Besides teaching and entertaining, there’s something else this book has done for me. It’s revived my confidence in the vitality of scholarship.

Anyone who spends much time hanging around in Western culture these days knows that it contains a strong anti-intellectual current. This evidently goes way back. I remember something that Tom Jefferson wrote to the effect that, if you put a problem to a plowman and a professor, the plowman is more likely to figure it out because he is not bound by “artificial rules” (I think was the expression).

Ever since then, and probably before, one of the most common stock characters in American stories is the rustic who, with simple wisdom, expresses what the scholar, blinded by his “superior” knowledge, cannot see. From “Where’s the beef?” to the Carl character in the movie “Sling Blade,” it seems that we’re surrounded by simpletons who are capable of seeing the truth and saving the day, provided that all the eggheads stop droning long enough to listen.

Now, I’d be the last to say that wise words never come from the mouths of babes. But it seems the observation has gone to seed. Ignoring the truth that even a dead clock tells the right time twice a day, American culture seems persuaded that dumber is not only easier, it‘s better! And besides, who wants to be that other stock character of American myth: the “educated idiot”?

A caveat: I’ve noticed that all such prejudice against expertise fades away once the chips are down and a genuine expert is required. Ask, for example, a well-trained locksmith who’s opened a car with an infant inside on a hot summer day.

To the McGrath book:

“The opening of the third chapter of Matthew’s gospel tells of how John the Baptist appeared in the wilderness of Judea, and proclaimed the need for repentance on the part of his audiences. The Vulgate [Jerome’s translation of the Bible into common Latin, FB] offers the following account of the ministry of John (Matthew 3:1-2):

In those days, John the Baptist came, preaching in the wilderness of Judaea, and saying: ‘Do penance, for the kingdom of heaven is close at hand.’

Few of the late medieval readers of this text could miss the implications of what was being said, given the highly developed theory and practice of penance of the ear.

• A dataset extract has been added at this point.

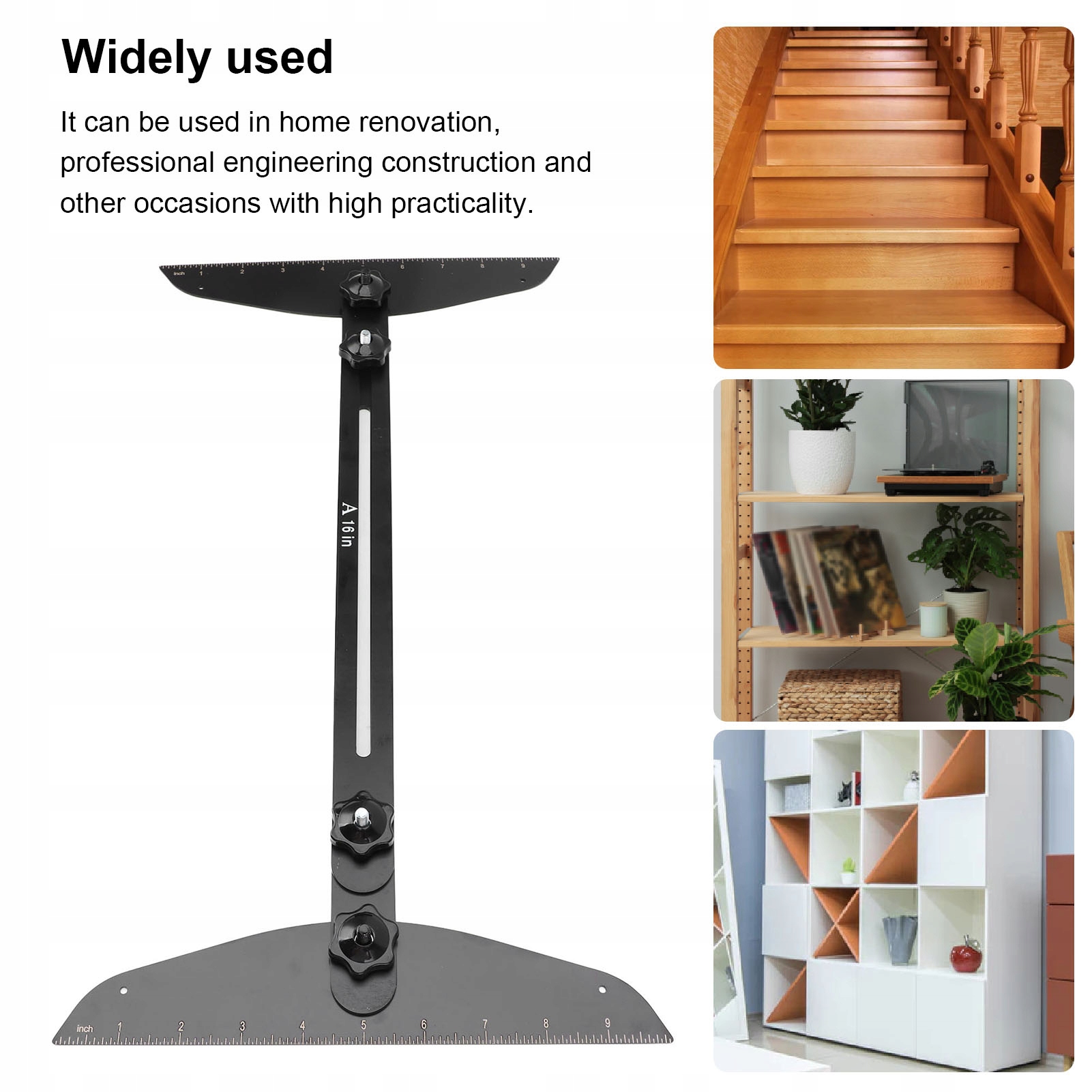 2. Матеріал преміум-класу: цей інструмент для вимірювання маршів сходів виготовлено з високоякісного алюмінієвого сплаву, який має високу міцність і надійність і може справлятися з тиском різних середовищ, щоб підтримувати тривалий термін служби.

John seemed to be demanding that they ‘do penance’—that is to say, to find a priest, confess their sins, and carry out any acts of penance this priest might require of them. The Vulgate version of the passage suggested that John’s words were firmly connected to the penitential system of the Church, so that this network of penitence was sanctioned by Holy Writ.”

McGrath goes on to explain how, in the Desiderius Erasmus (1466-1536) discovered that the Greek original of the passage didn’t have John saying “Do penance,” but rather “Repent!” The prophet was demanding an inward change of mind and heart, which would certainly lead to a changed way of life. But “Do penance”? The biblical text nowhere suggests that anyone do that. But if it weren’t for scholarship, such common knowledge would not be known.

No, not every insight is so revolutionary. But unless people dig, nothing ever gets discovered. What would we be missing without scholarship? We wouldn’t know. I’m glad we do. Study on.